Support for GPUs in Kubernetes is still a work in progress, and each cloud vendor provides different recommendations. For more information about GPUs, see Understanding GPUs.

Helm charts#

Helm is a tool used by Workbench to streamline the creation, packaging, configuration, and deployment of the application’s configurations. It combines all of the config map objects into a single reusable package called a Helm chart. This chart contains all the necessary resources to deploy the application within your cluster. These resources include .yaml configuration files, services, secrets, and config maps.

Helm values.byok.*.yaml templates

For customer-supplied Kubernetes environments, Workbench includes templated values.byok.*.yaml files that override the default values in the top-level Helm chart. These template files are heavily commented to guide you through configuring the parameters that most commonly require modifications.

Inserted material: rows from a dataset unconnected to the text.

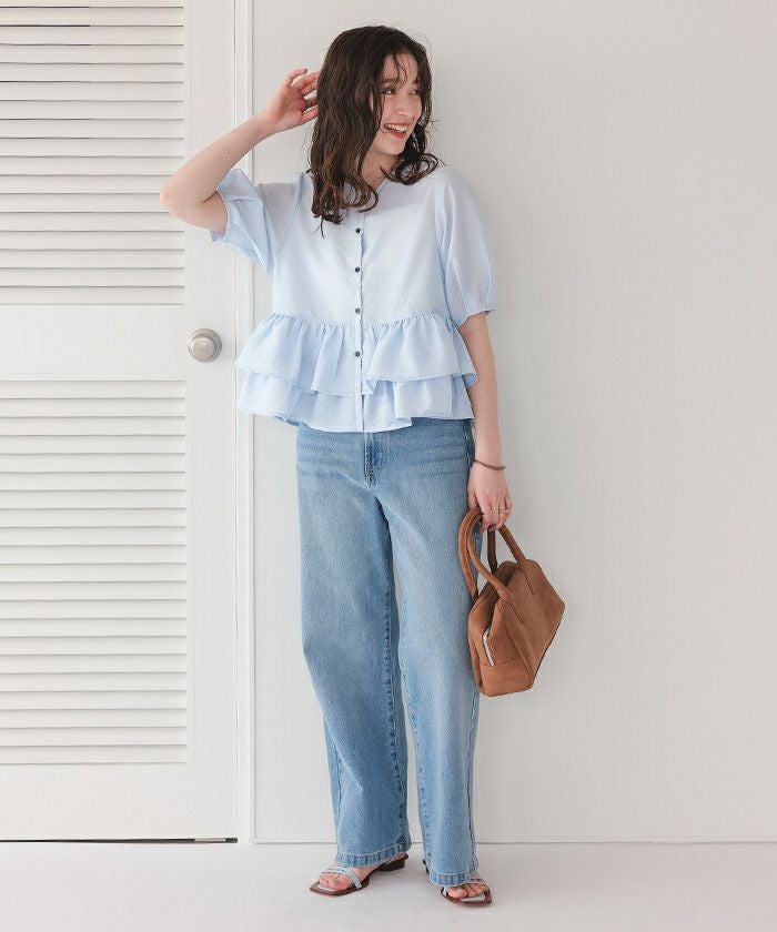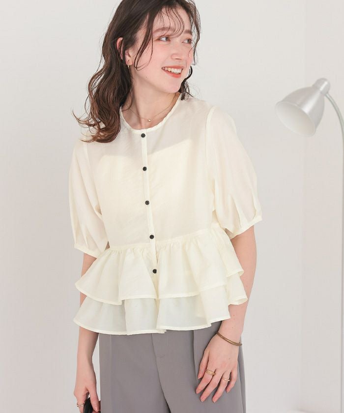 ・上品な、程よく張り感のあるシアー素材で、軽やかな印象のブラウス。
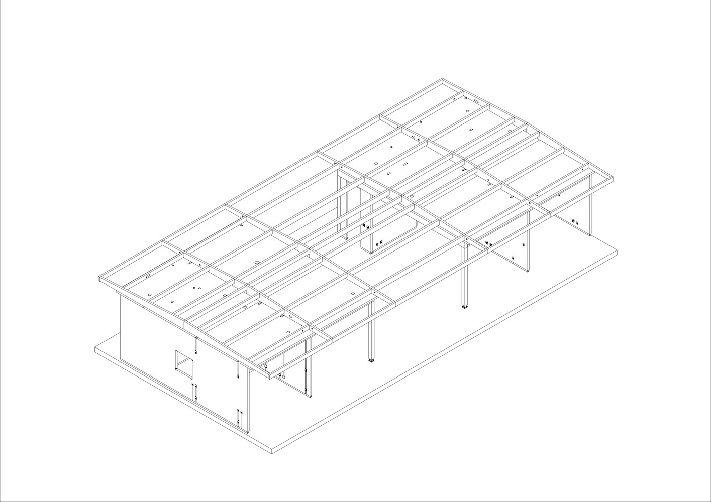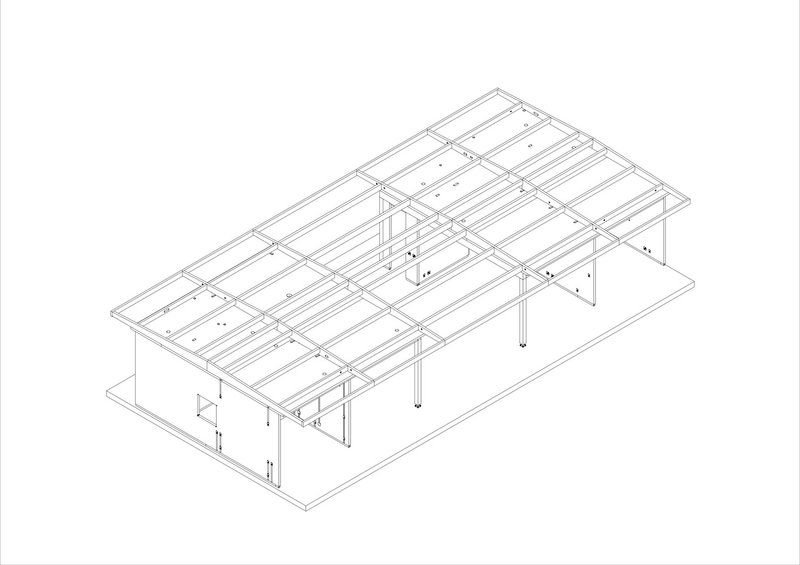 The house’s translucent roofing plays a dual role. It shields the CLT panels from direct rain exposure, prolonging their durability, and simultaneously allows filtered daylight into the central balcony and overhanging eaves. This design move reduces the need for artificial lighting during the day and enhances passive solar gain, contributing to the home's overall energy efficiency.
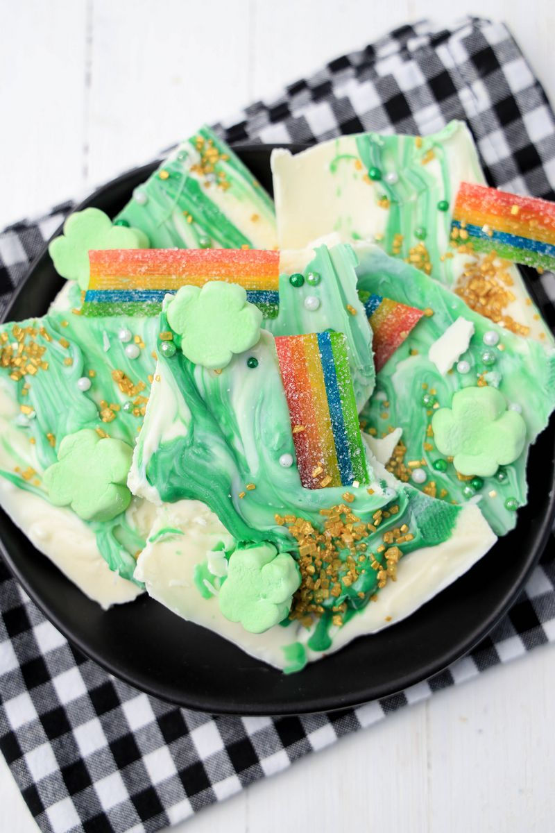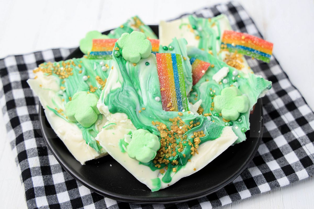 Leprechaun Bark is made with white chocolate, green candy melts, and rainbow airheads. This is a semi exclusive recipe. The Leprechaun Bark comes on a black plate with a plaid napkin on a white wood backdrop. Set comes with 10 in process in the slow cooker (in process are the same for all sets) and 16 final shots (finals are different for each set) along with recipe in text format. Both vertical and horizontal shots are available for social media. One set of four. Sample removed on finals.

If Workbench is the only application present within your cluster, use the single-tenant configurations. If Workbench shares the cluster with other applications, use the multi-tenant configurations. Choose the template that applies to your setup and make additions and modifications to the file with your current cluster configurations at this time.

Note

Single-tenant clusters use the values.byok.cluster.yaml override file template.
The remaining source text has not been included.